* Exercise
Word for word, output every line of the material below, minus pictures.

* Data extract
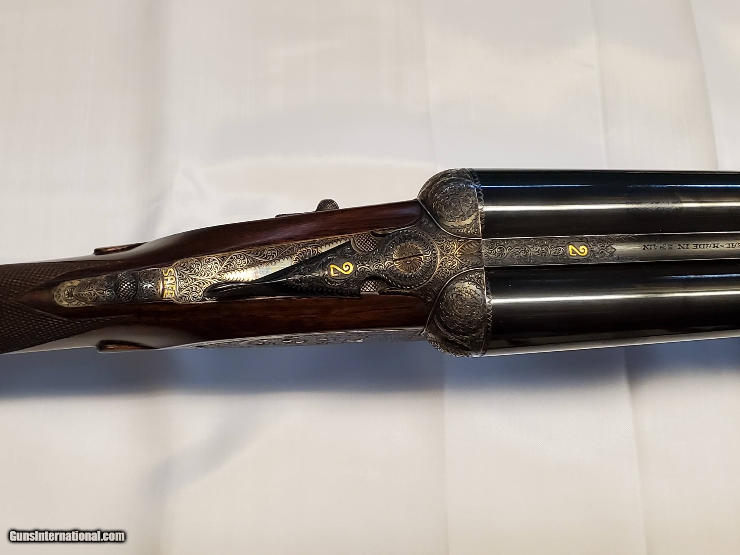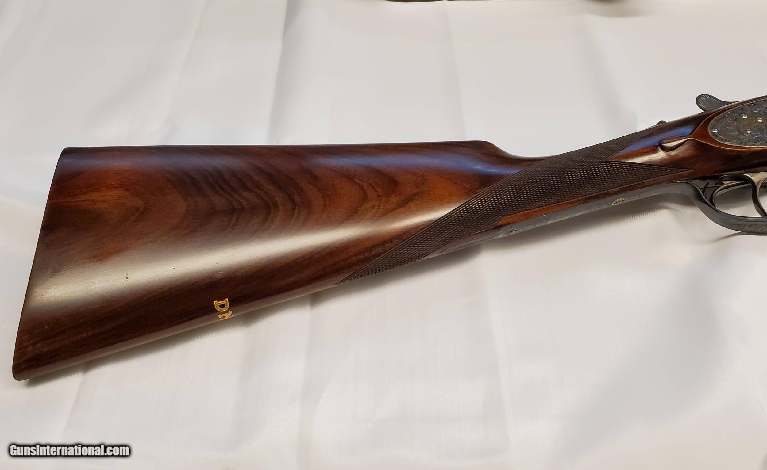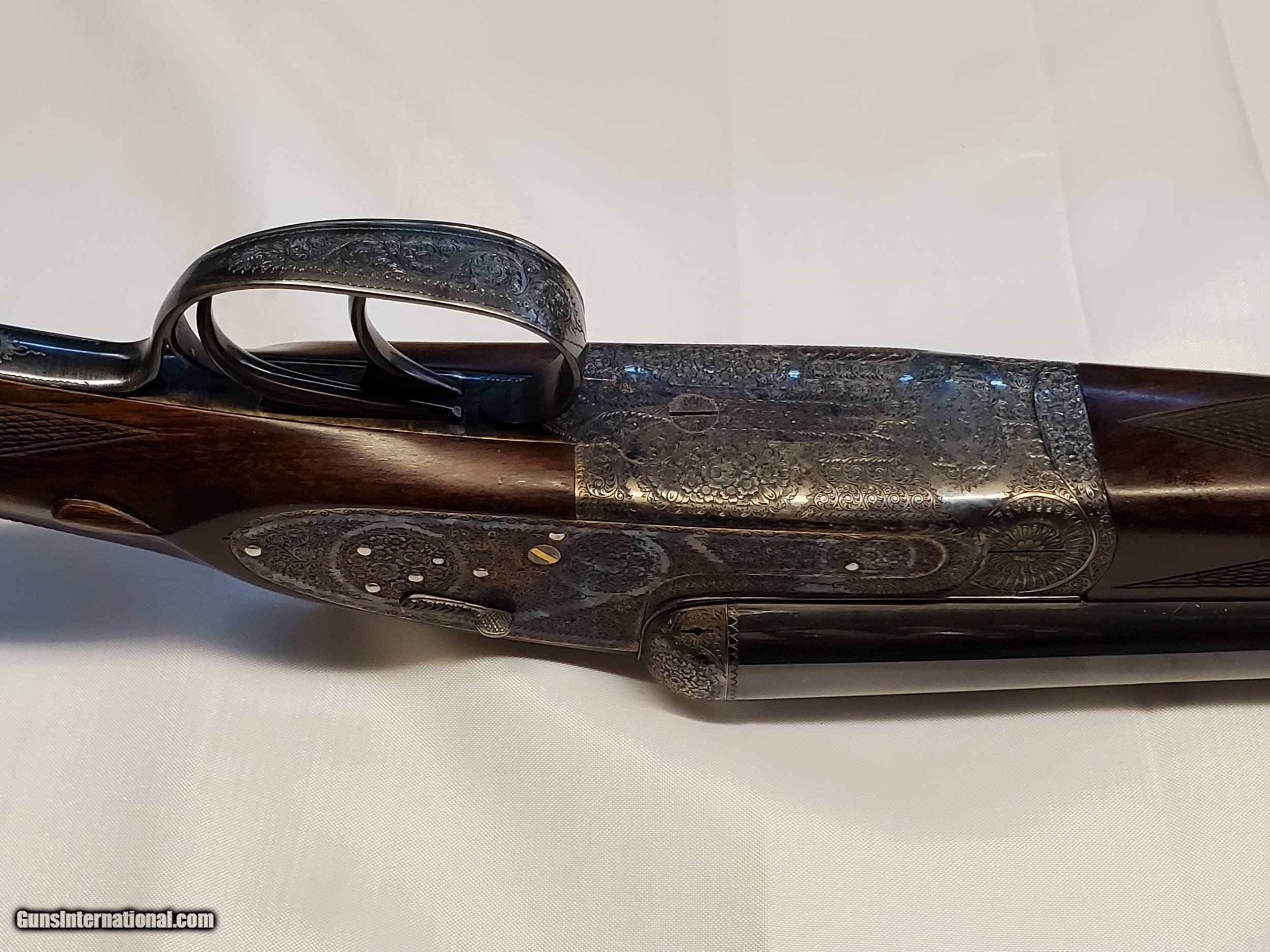 Description: This is a cased set of AYA No. 1 12 gauge side by side shotguns with 28 inch barrels. These shotguns were designed by Purdy for AYA. They are Classic English game guns, with double triggers and straight stocks. They do have ejectors. They are designed for English or Scottish gentleman to use for walking up birds. The firearms are in excellent condition. They only show wear on on the stocks where the user cradled them while walking. No. 1 set barrels appear to be improved modified and modified and the No. 2 set are full and modified. The set includes an Americase Premium Double Shotgun Case. SOLD Shotgun Gauge: 12 Gauge Manufacturer: AYA Model: No. 1 Barrel Length: 28 Chambers: 2 3/4 Ejectors: Yes Condition: Excellent Metal Condition: Excellent Wood Condition: Great Barrel Type: Side by Side Action: SIDELOCK Triggers: Double Stock: Straight Fore End: SPLINTER Manufacture Date: 1989 |
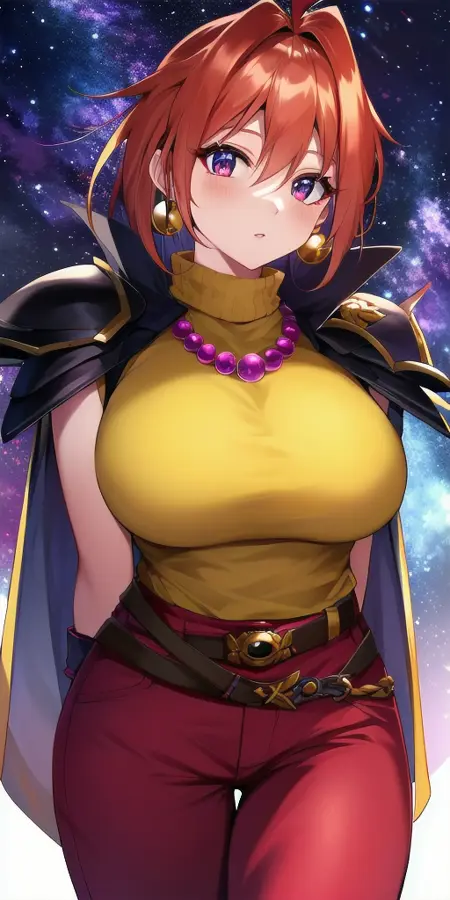 yellow_sweater_sleeveless_turtleneck_red_pants_belt_pauldrons_asymmetrical_armor_cape: 나가와 함께 있을 때의 슬레이어스 이전 의상.
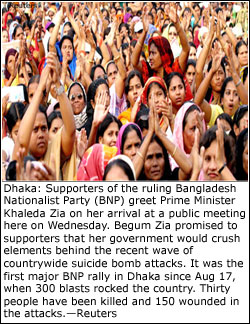 DHAKA, Dec 21: Bangladesh Prime Minister Khaleda Zia on Wednesday said the government had succeeded in forging a united front against militants and that those who had ‘stayed out of it’ were accomplices of the bombers.
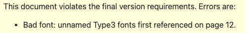 I recently had a small odyssey with PDF and fonts when preparing camera-ready versions of my two most recent papers. It started with the following error message from HotCRP format checker: “Bad font: unnamed Type3 fonts first referenced on page X”.

* Output for this task
 Description: This is a cased set of AYA No. 1 12 gauge side by side shotguns with 28 inch barrels. These shotguns were designed by Purdy for AYA. They are Classic English game guns, with double triggers and straight stocks. They do have ejectors. They are designed for English or Scottish gentleman to use for walking up birds. The firearms are in excellent condition. They only show wear on on the stocks where the user cradled them while walking. No. 1 set barrels appear to be improved modified and modified and the No. 2 set are full and modified. The set includes an Americase Premium Double Shotgun Case. SOLD Shotgun Gauge: 12 Gauge Manufacturer: AYA Model: No. 1 Barrel Length: 28 Chambers: 2 3/4 Ejectors: Yes Condition: Excellent Metal Condition: Excellent Wood Condition: Great Barrel Type: Side by Side Action: SIDELOCK Triggers: Double Stock: Straight Fore End: SPLINTER Manufacture Date: 1989 |
 yellow_sweater_sleeveless_turtleneck_red_pants_belt_pauldrons_asymmetrical_armor_cape: 나가와 함께 있을 때의 슬레이어스 이전 의상.
 DHAKA, Dec 21: Bangladesh Prime Minister Khaleda Zia on Wednesday said the government had succeeded in forging a united front against militants and that those who had ‘stayed out of it’ were accomplices of the bombers.
 I recently had a small odyssey with PDF and fonts when preparing camera-ready versions of my two most recent papers. It started with the following error message from HotCRP format checker: “Bad font: unnamed Type3 fonts first referenced on page X”.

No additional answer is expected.